Directions: Your output should be the lines below from the one with "CURVY is a set" through the one with "그다음은 성정각의 홍매화와 살구나무 단풍이다.", copied exactly, pictures excluded.

Exercise materials:
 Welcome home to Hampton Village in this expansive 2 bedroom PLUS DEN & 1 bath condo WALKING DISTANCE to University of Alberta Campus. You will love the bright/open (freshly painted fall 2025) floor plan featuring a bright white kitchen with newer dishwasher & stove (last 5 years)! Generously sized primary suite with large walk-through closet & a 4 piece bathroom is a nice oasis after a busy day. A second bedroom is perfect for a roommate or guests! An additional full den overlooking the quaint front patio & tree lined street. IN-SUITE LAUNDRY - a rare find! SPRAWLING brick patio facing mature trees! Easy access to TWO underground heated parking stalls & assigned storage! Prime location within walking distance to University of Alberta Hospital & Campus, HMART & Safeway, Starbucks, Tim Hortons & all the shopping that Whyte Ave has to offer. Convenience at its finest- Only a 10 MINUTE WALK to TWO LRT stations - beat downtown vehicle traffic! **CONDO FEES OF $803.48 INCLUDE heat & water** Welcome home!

---

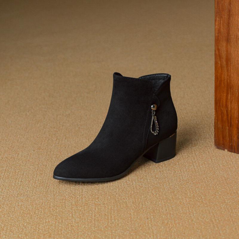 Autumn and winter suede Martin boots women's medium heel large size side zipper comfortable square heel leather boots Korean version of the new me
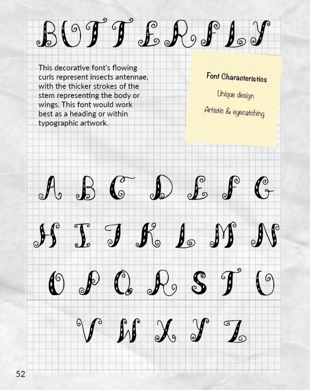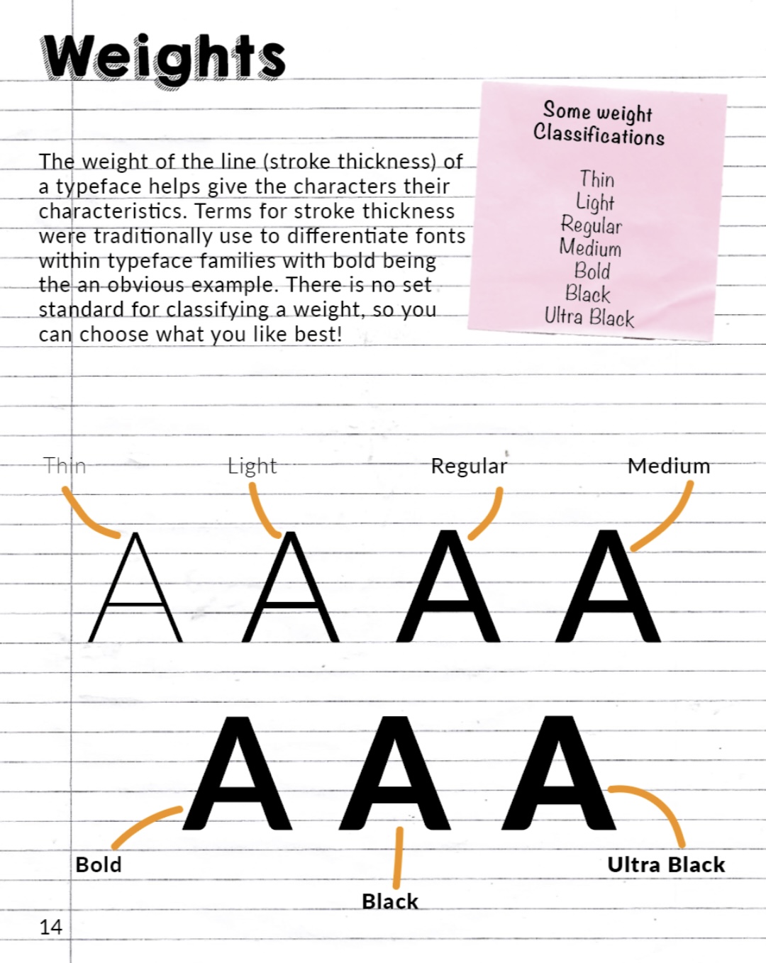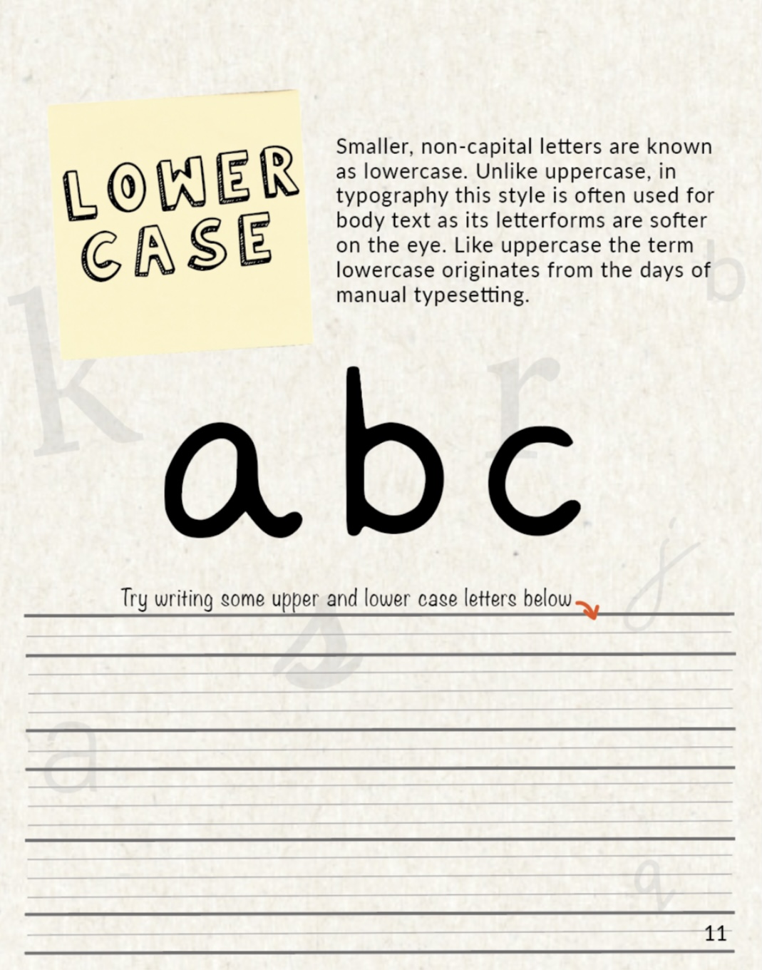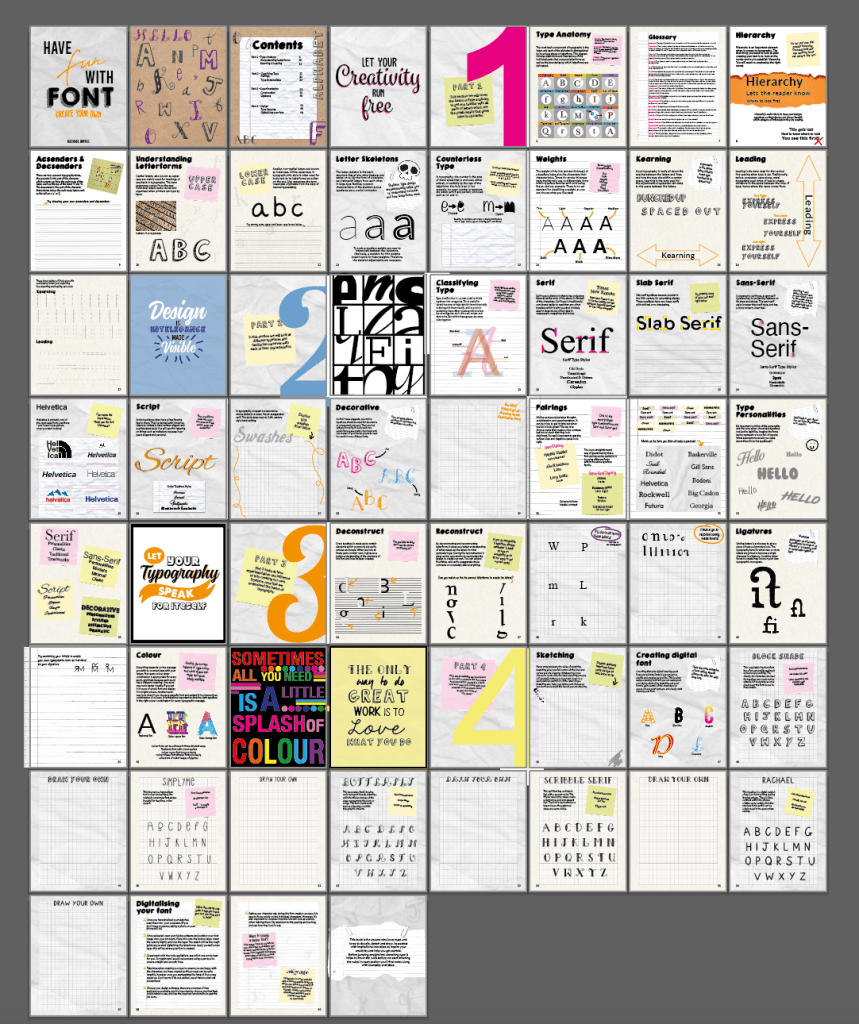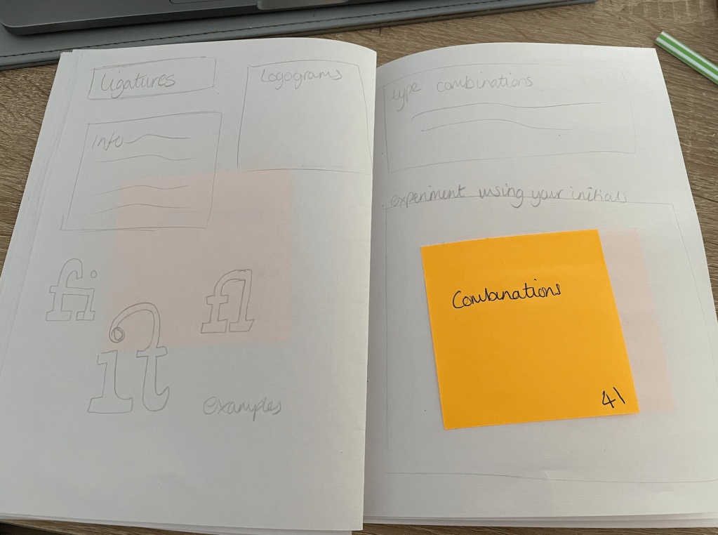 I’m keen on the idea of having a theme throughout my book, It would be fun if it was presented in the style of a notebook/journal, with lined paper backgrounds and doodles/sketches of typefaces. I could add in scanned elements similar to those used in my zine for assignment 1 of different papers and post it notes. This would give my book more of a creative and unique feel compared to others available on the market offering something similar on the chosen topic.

--

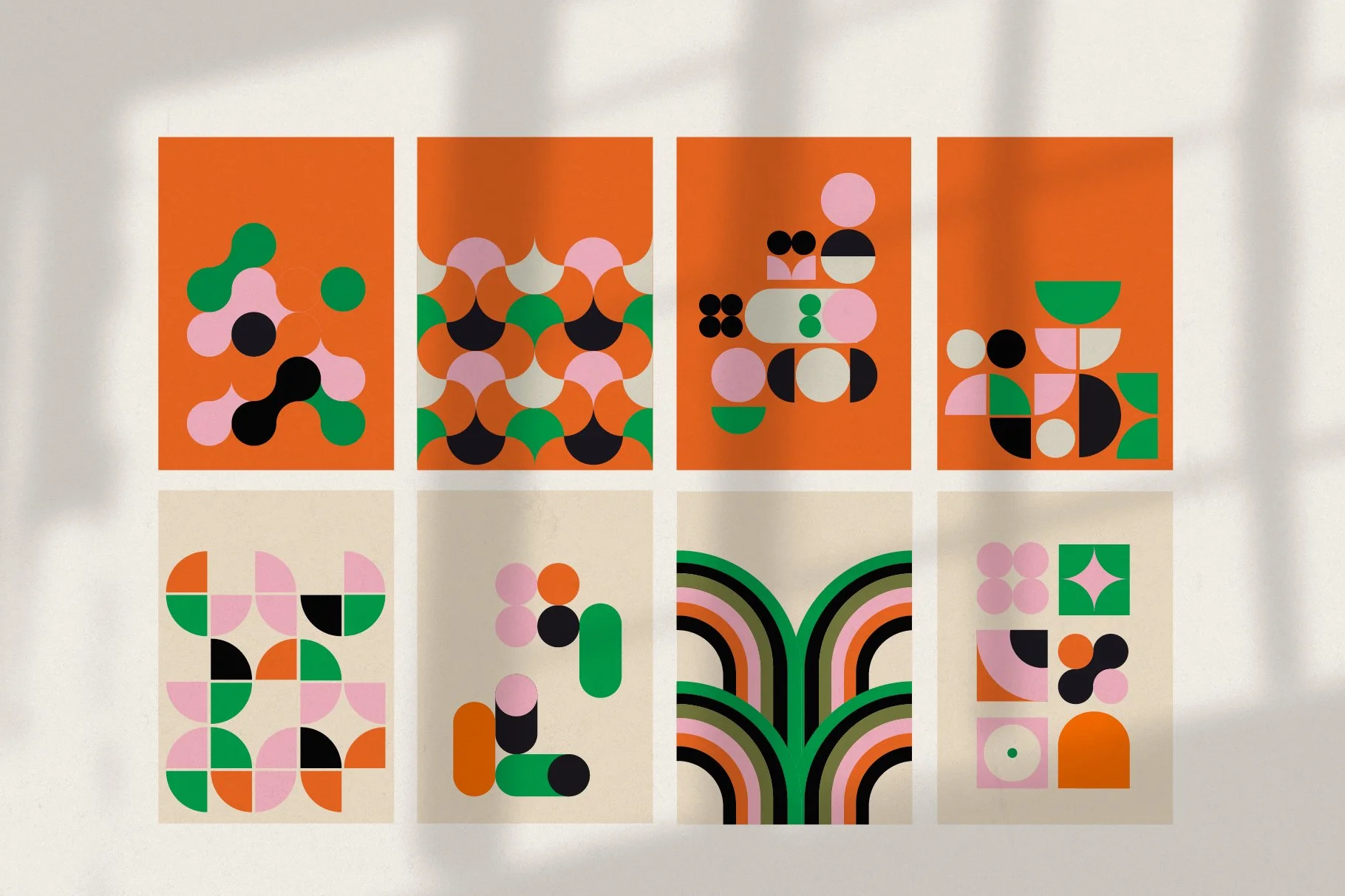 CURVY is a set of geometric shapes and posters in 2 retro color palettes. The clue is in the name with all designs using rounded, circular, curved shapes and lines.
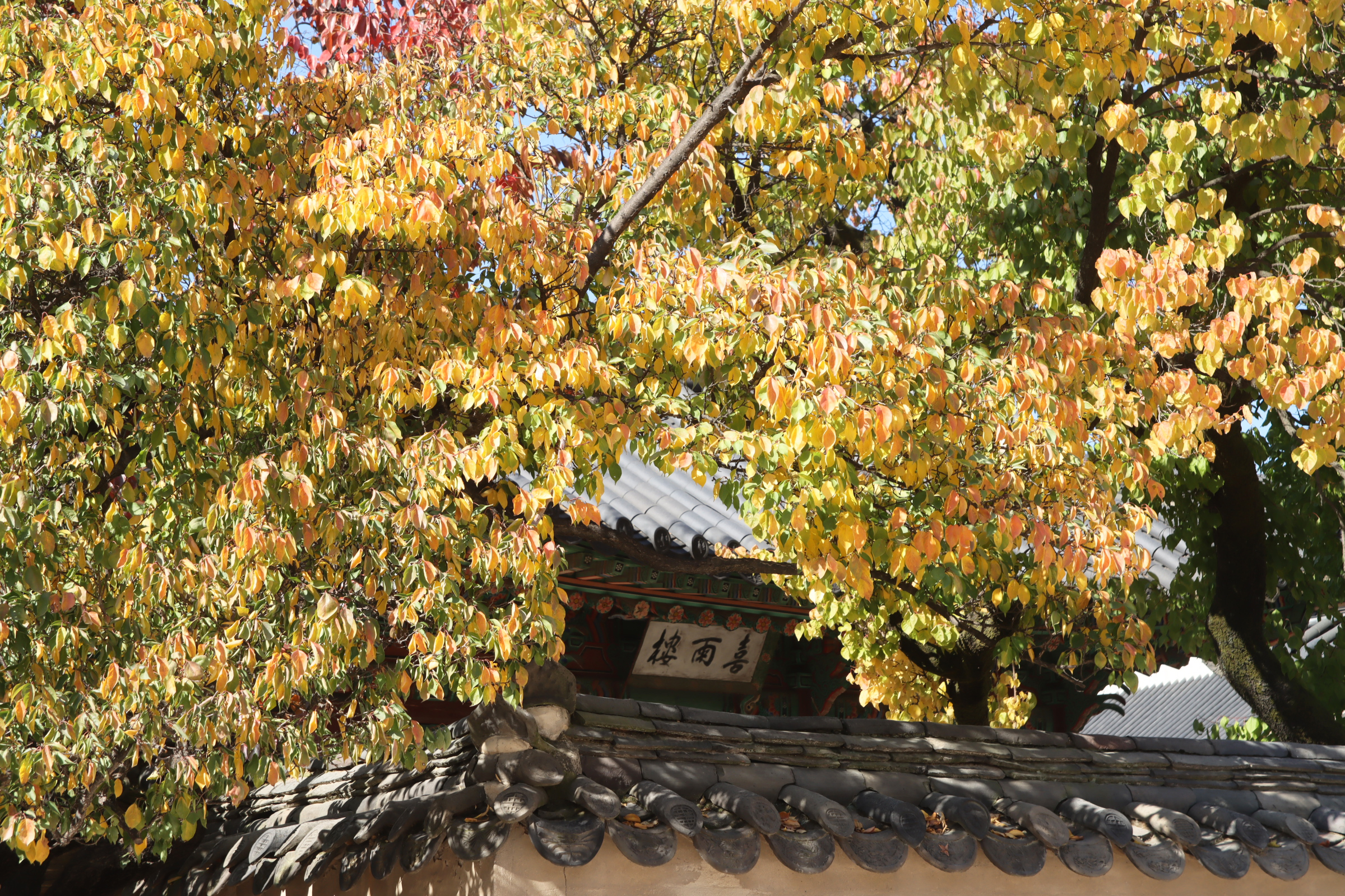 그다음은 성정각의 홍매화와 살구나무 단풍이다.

Finished task:
 CURVY is a set of geometric shapes and posters in 2 retro color palettes. The clue is in the name with all designs using rounded, circular, curved shapes and lines.
 그다음은 성정각의 홍매화와 살구나무 단풍이다.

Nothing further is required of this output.